1) James Roskind did build a C grammar which attempts to eliminate the
need for feedback. (We were consultants to Honeywell building a C
compiler at the time.) He analyzed all the cases where the use of
an identifier and a typename could be confusing (many of them had
to do with function prototypes). As I recall, he had some success.
However, the truly ambiguous examples being discussed in this
thread, make me doubt exactly what I am remembering. Perhaps, it
was just that he had success identifying places, where a new type
or variable *could* be introduced.
In any case, he then tried to apply the same analysis to C++, and
successfully proved that the same technique could not be used to
distinguish the ambiguities in C++. All that could be done in C++
is to push the ambiguities far-enough away that the amount of
lookahead required made them impractical to distinguish.

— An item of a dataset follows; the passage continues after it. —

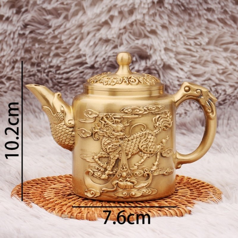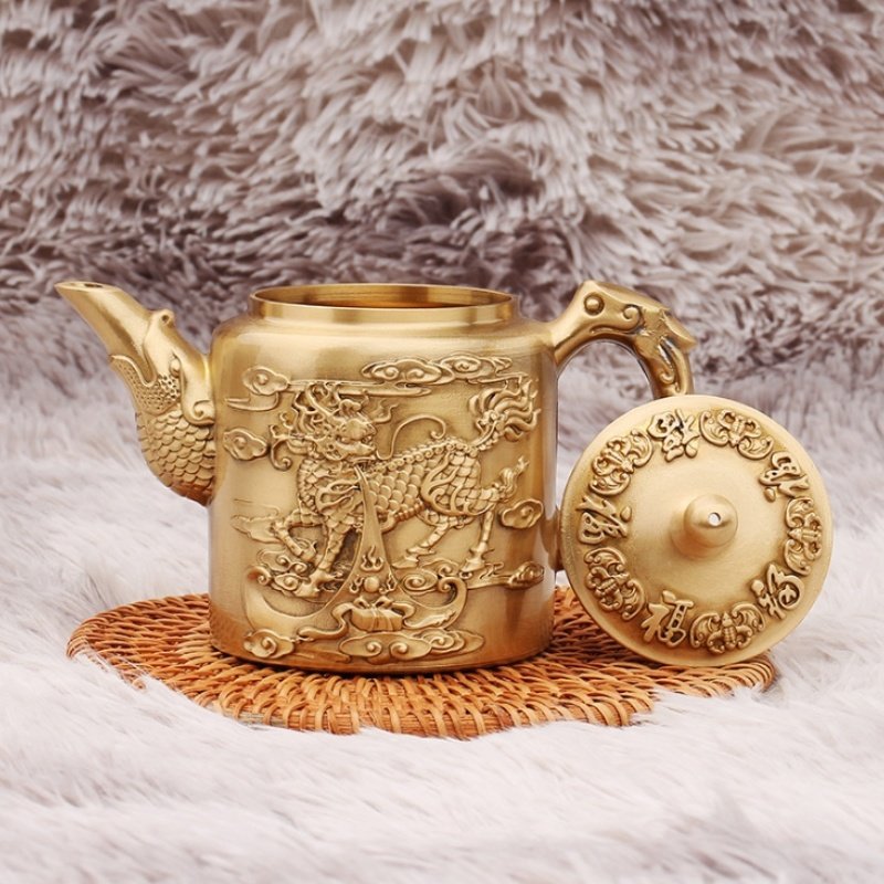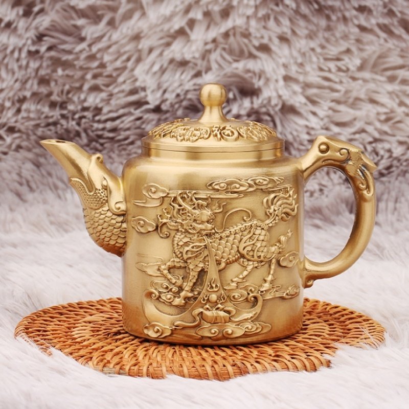 Introducing the Large Hand Carved Foo Dog and Blessing Theme Brass Teapot with Fish Spout, an extraordinary piece that blends traditional craftsmanship with intricate symbolism. This stunning teapot features a hand-carved design showcasing a Foo Dog, a symbol of protection and strength, alongside motifs of blessings. The spout is uniquely shaped like a fish, adding another layer of cultural significance, symbolizing abundance and prosperity. Whether you’re brewing a pot of tea or using it as a statement piece, this brass teapot brings together artistic detail and cultural heritage in a magnificent way. Made from high-quality brass, this large teapot is designed for durability and long-lasting beauty. The fine craftsmanship is evident in the intricate carvings, which showcase remarkable attention to detail. The golden hue of the brass enhances the teapot’s ornate design, giving it a timeless and antique feel. Its sturdy construction ensures it can be enjoyed for both functional and decorative purposes, whether displayed as a collector’s item or used in daily tea rituals.Find more Chinese teapots.

2) As to "feedback" (and this is in fact the normal term used for one
solution to this problem), the term is somewhat misleading. The
term comes from the fact that the parser would like certain tokens
recategorized based upon the parsers state. One easy way to do
that is to track the parsers state in the lexer (often done by
setting variables shared between the lexer and parser when certain
parser states are entered) and using that to guide which tokens the
lexer emits to the parser. Because, the flow of tokens from the
lexer to the parser is generally considered one-way, this passing
of information back from the parser to the lexer is considered a
"feedback loop", and thus the term.
One thing of particular interest in this feedback, it is rare for
the feedback to change the token boundaries (i.e. which regular
expressions are grouped into tokens). Thus, Frank Deremer long ago
suggessted separating the lexer into two parts, the scanner and the
screener. The scanner is the part of the lexer which separates the
incoming character stream into lexemes and does some preliminary
classification based upon which regular expression was matched.

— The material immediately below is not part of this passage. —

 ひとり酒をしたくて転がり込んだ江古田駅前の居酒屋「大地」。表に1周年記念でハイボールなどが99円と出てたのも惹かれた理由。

The screener then looks at some (or all) of those lexeme and
recategorizes them based upon symbol table (dictionary)
information.
Notably, the timing of those two phases can be separated. You can
delay the screening process until the information is actually
needed. This resolves the key problem of "feedback". Generally,
only the screener needs the feedback, although that is not
universally true (for example, in Verilog parsing context is
required to distinguish hex numbers from identifiers and that can
change token boundaries). Thus, in cases where the feedback does
not affect the scanner, the scanner is decoupled from the parser,
and the feedback loop is broken, which allows the scanner to run
arbitrarily ahead of the parser. And that ability to run the
scanner ahead of the parser defuses the "feedback" issue, whicdh is
that the two need to be kept in lock-step, which can be
particularly difficult if your parser needs lookahead tokens or
uses backtracking, since the state necessary for determining the
exact token type can be unavailable at the time the token needs to
be scanned.
However, in the C/C++ case, screening can be delayed until parsing.
In your Ada example, it sounds like some parts of screening can be
delayed until after parsing. The key issue of screening is that it
needs a symbol table (dictionary) and not just a simple stack.

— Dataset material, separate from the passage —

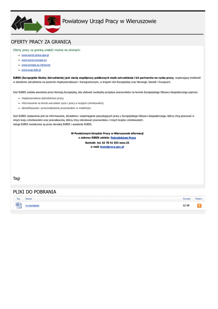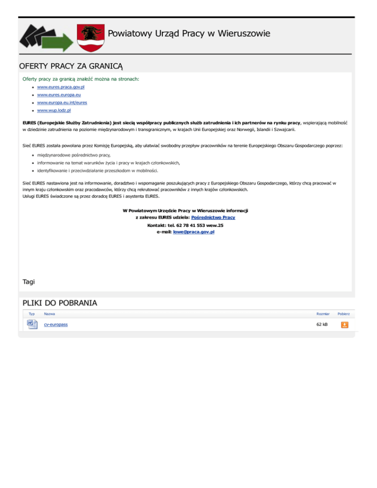 Oferty pracy za granicą - Powiatowy Urząd Pracy w Wieruszowie

Thus, you cannot convert a screener directly into a context-free
grammar. My favorite solution to this problem is the one Terence
Parr came up with "semantic predicates", which are bits of code
which run at specific parts of the parsing process (i.e. when the
parser gets to a specific point in the grammar) and provide a
go/no-go answer. So, one could write a semantic predicate, that
queries the symbol table for, "in the current context is this
identifier a typedef" and then depending on whether you wanted
typedefs to be legal or not, the parse would either continue with
the current rule or chose another alternative. Note, semantic
predicates are essentially equivalent to attribute grammars, so
that is an alternate solution.
Hope this helps,
-Chris
*****************************************************************************
Chris Clark Internet : com...@world.std.com
Compiler Resources, Inc. Web Site : http://world.std.com/~compres
23 Bailey Rd voice : (508) 435-5016
Berlin, MA 01503 USA fax : (978) 838-0263 (24 hours)
>1) James Roskind did build a C grammar which attempts to eliminate the
> need for feedback. (We were consultants to Honeywell building a C
> compiler at the time.) He analyzed all the cases where the use of
> an identifier and a typename could be confusing (many of them had
> to do with function prototypes). As I recall, he had some success.
> However, the truly ambiguous examples being discussed in this
> thread, make me doubt exactly what I am remembering. Perhaps, it
> was just that he had success identifying places, where a new type
> or variable *could* be introduced.
>
> In any case, he then tried to apply the same analysis to C++, and
> successfully proved that the same technique could not be used to
> distinguish the ambiguities in C++. All that could be done in C++
> is to push the ambiguities far-enough away that the amount of
> lookahead required made them impractical to distinguish.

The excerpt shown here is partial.